Taşlar yavaş yavaş oturmaya başlamıştı, onu da parkta gördüğüm gün...Vurmuşlardı ona değil mi? Kollarında ki morluklar, yüzünde ki şişlikler. Hepsini ona eski ailesi yapmıştı değil mi? O gün eğer kriz geçirmeseydi her şeyi anlatacaktı o gün, bir yabancıya...

Bir kaç kez seslendiler bana, fakat benim için bir uğultudan ibaretti. Kafamı çevirip hastaneye baktım, bir köşe de ağlayanlar diğer köşe de mutluluktan ağlayanlar. Sonumuz bu ikisinden biri olacaktı fakat sonun da illa ki ağlayacaktık...

Sesler artmaya başladı, görüntüler buğulaştı kalbim sanki beynim de atıyormuş gibiydi. Nefes alamıyordum, elimle gömleğimin ilk iki düğmesini açtım. Sesler artmaya başlamıştı, nefes alamıyordum çok kalabalıktı... Kaçmak istercesine adımlarımı hastane çıkışına yönlerdirdim, sarhoş gibiydim. Attiğım her adım da daha da boğulduğumu hissediyordum, sonun da kendimi dışarıya attım.

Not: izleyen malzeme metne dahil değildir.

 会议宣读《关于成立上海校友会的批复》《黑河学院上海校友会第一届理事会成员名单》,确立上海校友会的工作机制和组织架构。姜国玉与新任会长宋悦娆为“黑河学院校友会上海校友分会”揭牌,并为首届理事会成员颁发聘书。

Arka bahçeey doğru yürümeye başladım derin derin nefes almaya çalışıyordum fakat işe yaradığı tartışılırdı...

"ÖMER ABİ" Arkamdan gelen melek yüzlü bebeğimin(iltifata bak jsjsjjd) sesiyle adımlarım buz kesti, arakmı dönmedim. Çünkü biliyordum eğer dönersem anlardım, görürdüm geçmişini. Fakat ben görmek istemiyordum...

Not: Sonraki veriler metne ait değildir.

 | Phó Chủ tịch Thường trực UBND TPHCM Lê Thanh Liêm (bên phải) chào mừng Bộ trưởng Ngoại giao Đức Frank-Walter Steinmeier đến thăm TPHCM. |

Arkamı dönmediğimi görünce seslenmeyi kesmişti, bana çekmişit bu özelliği gözlemleri iyiydi, bir şeylerin ters gittiğini anlamıştı... Ben boş gözlerle önüme bakıyordum, yanıma geldiğin de ilk yandan bir bakış attı. Ardından sanki onu görmemi istiyormuş gibi önüme geçip kollarını sallamaya başladı. Gözleri hariç her noktaya baktım,

Acaba Güneş te mi rol yapıyor? O da Ela gibi parlıyor fakat aslın da onu gerçek kişiliği Ay değil mi? Aynı zaman farklı bir beden olarak dönüyordu. Herkes Ay ve Güneşin imkansız aşkı derken aslın da Güneşin kendisini asla sevmeyeceği gerçeğinden bahsediyordu. Geceleri karanlık olduğundan kimse onun gerçek kişiliğini göremiyordu...( Gezegen olan Güneş ve Ay)

Çenemin kavranması ile daldığım noktadan ayrıldı bakışlarım, iki dakika da edebiyat yapmayı başarmıştım. "Sorun ne" Her zaman kisi gibi ciddi haline bürünmüştü. Derin bir nefes aldım, işte şimdi gerçekten nefes aldığımı hissedebiliyordum..."Ela, seninle önemli bir şeyi konuşmalıyız. Kartları açık oynama zamanı eve gelince direkt odana çık geleceğim" Ciddiliğinden ödün vermeyen tavırım ile söylediklerim karşısın da afalladı. Çenemi ondan kurtarıp ters yöne ilerlemeye başladım. Eğer orada biraz daha durusam dayanamazdım, kendi hıçkırığıma boğulana dek ağlardım...

Ela'nın anlatımı ile

Ömer aibinin ürkütücü soğukluğu ile söyledikleri karşısın da bocaladım,

Neden birden böyle davranmaya başlamıştı?

İçim de olan hayal kırıklığına 5 kat daha eklenmişti artı olarak da öfke sarmıştı bedenimi. Eğer haya kırıklığı isteyen varsa ben de bir sürü var, almak isteyen alabilir...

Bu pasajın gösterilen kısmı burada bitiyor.